» **Task directions**
The copy must match the data word for word and contain no pictures.

» **Data provided**
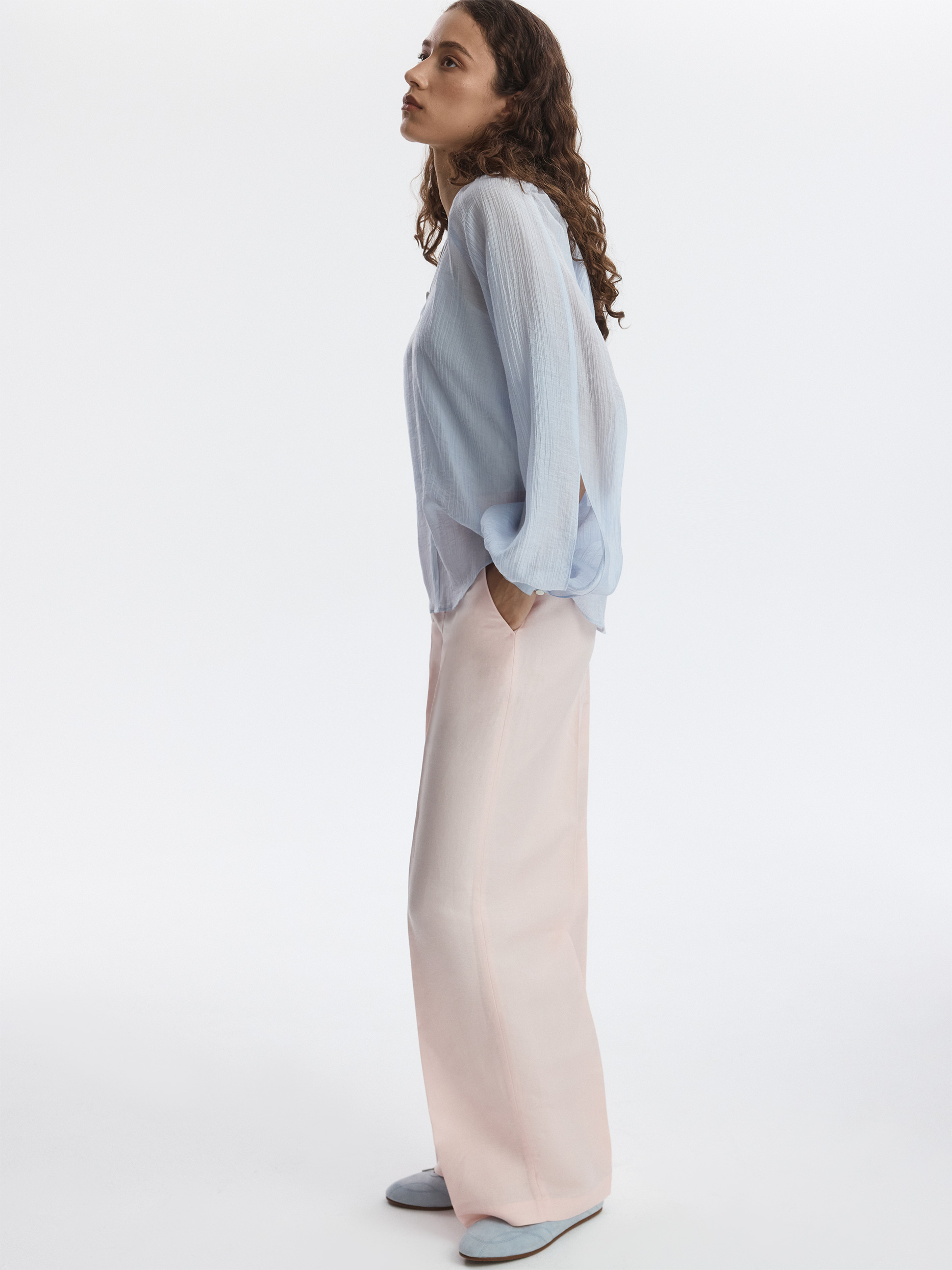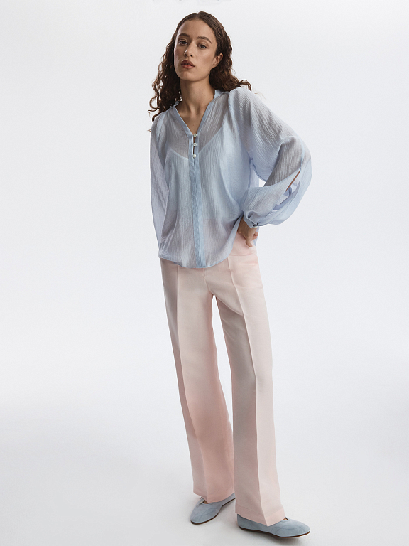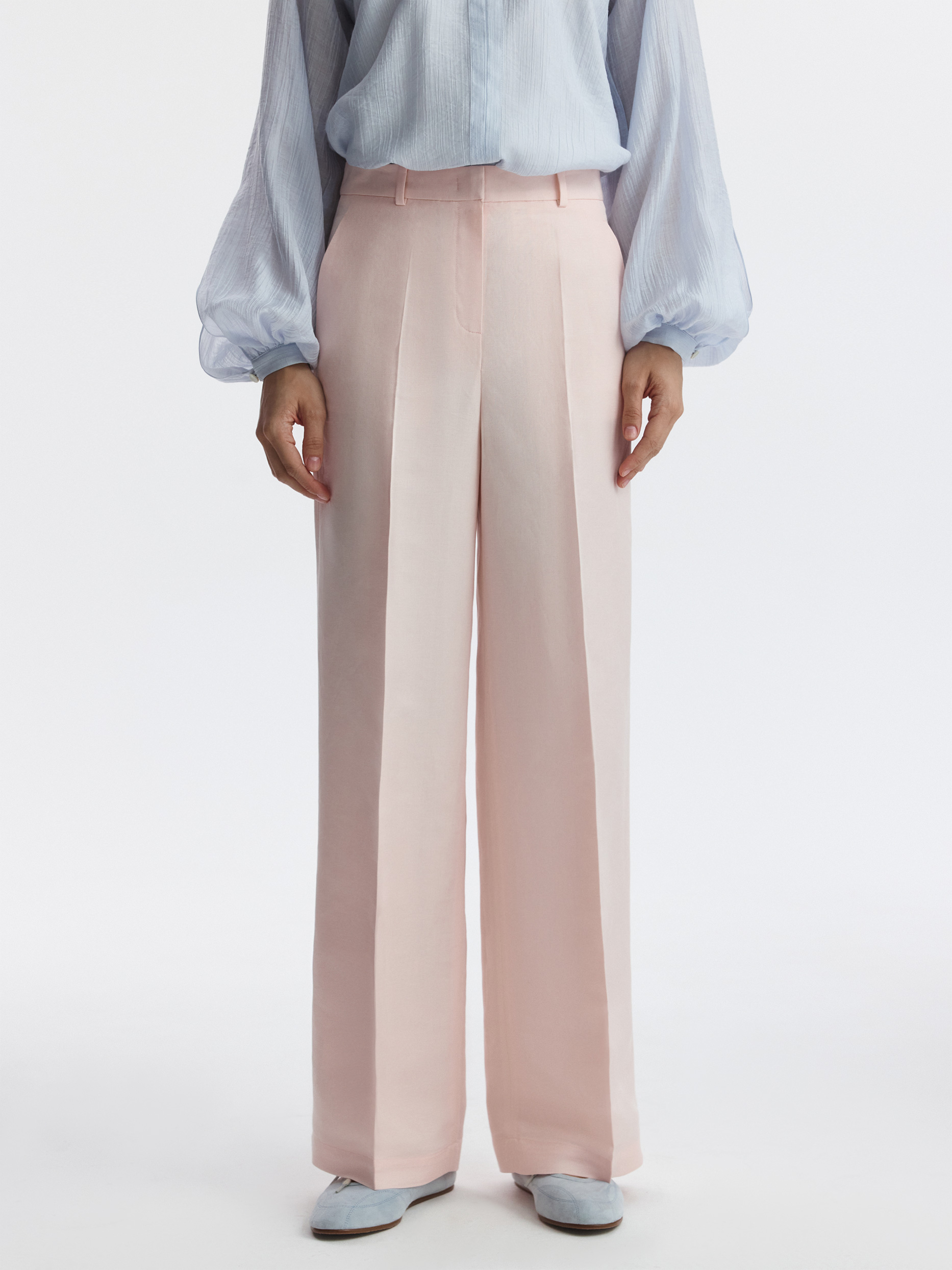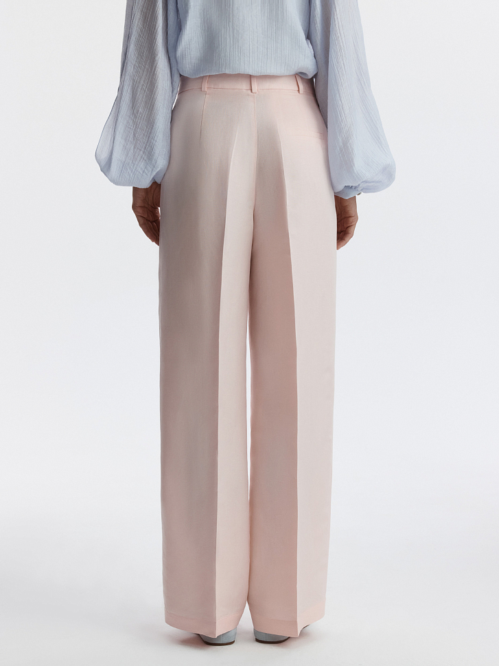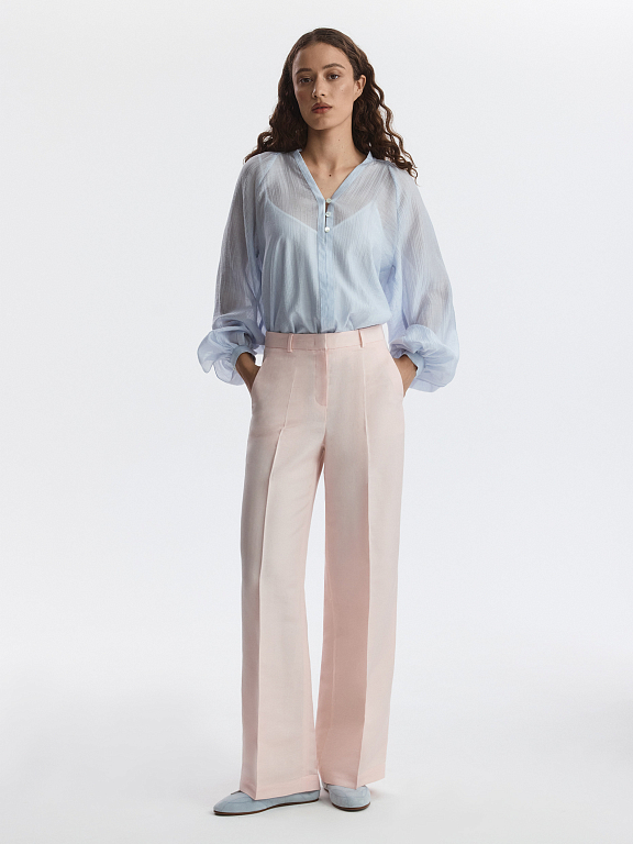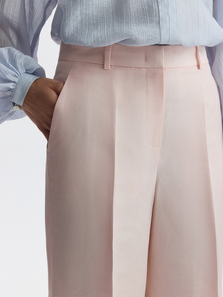 Льняная коллекция – визитная карточка летнего сезона. Широкие брюки в классическом стиле отличаются акцентированными строгими стрелками, которые придают образу графичности. В меру плотный текстиль обладает прочностью и не просвечивает.
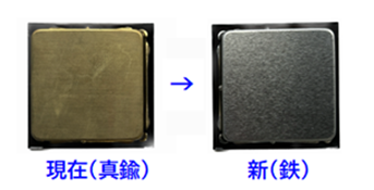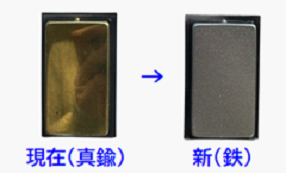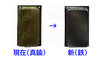 変更点① 底板の材質が真鍮から鉄に変更となります。 対象商品(各全サイズ。現仕様の在庫がなくなり次第、順次変更。)| PF-132 しおり丸 古美 / PF-133 しおり丸 GB | PF-192 しおり正角 古美 / PF-193 しおり正角 GB |
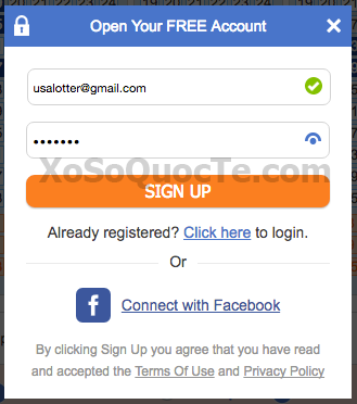 Nếu bạn đã có tài khoản trên TheLotter, hãy bấm liên kết “Click here” để đăng nhập ! Nếu bạn chưa có tài khoản, hãy nhập địa chỉ email và mật khẩu rồi bấm nút SIGN UP và thực hiện tiếp như hướng dẫn bên dưới !

» **Answer section**
 Льняная коллекция – визитная карточка летнего сезона. Широкие брюки в классическом стиле отличаются акцентированными строгими стрелками, которые придают образу графичности. В меру плотный текстиль обладает прочностью и не просвечивает.
 変更点① 底板の材質が真鍮から鉄に変更となります。 対象商品(各全サイズ。現仕様の在庫がなくなり次第、順次変更。)| PF-132 しおり丸 古美 / PF-133 しおり丸 GB | PF-192 しおり正角 古美 / PF-193 しおり正角 GB |
 Nếu bạn đã có tài khoản trên TheLotter, hãy bấm liên kết “Click here” để đăng nhập ! Nếu bạn chưa có tài khoản, hãy nhập địa chỉ email và mật khẩu rồi bấm nút SIGN UP và thực hiện tiếp như hướng dẫn bên dưới !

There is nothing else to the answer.